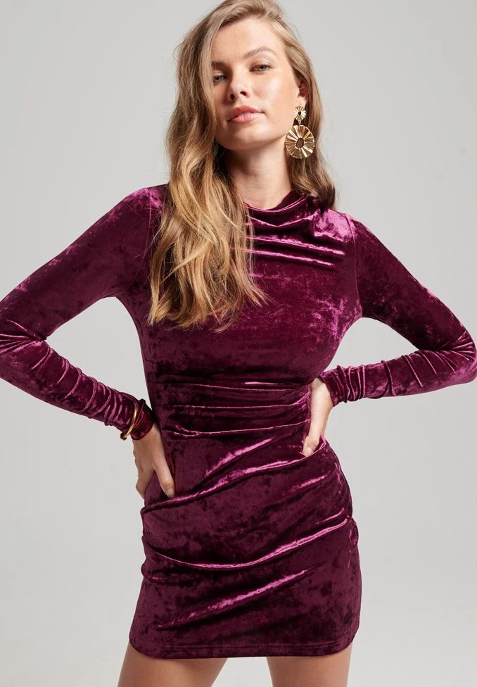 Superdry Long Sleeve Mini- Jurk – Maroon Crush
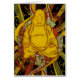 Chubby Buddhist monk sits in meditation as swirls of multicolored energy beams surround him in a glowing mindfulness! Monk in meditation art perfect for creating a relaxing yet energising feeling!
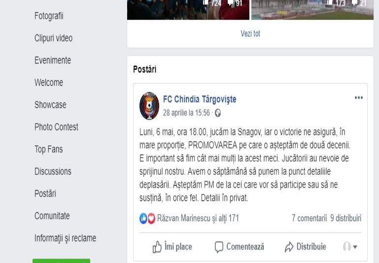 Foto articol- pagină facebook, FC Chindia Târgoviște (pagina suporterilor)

————————

§ **What to work on**: Leave out all pictures and extract exactly the lines from the line with "Chubby Buddhist monk" through the end of the material.

§ **Reply to the task**:
 Chubby Buddhist monk sits in meditation as swirls of multicolored energy beams surround him in a glowing mindfulness! Monk in meditation art perfect for creating a relaxing yet energising feeling!
 Foto articol- pagină facebook, FC Chindia Târgoviște (pagina suporterilor)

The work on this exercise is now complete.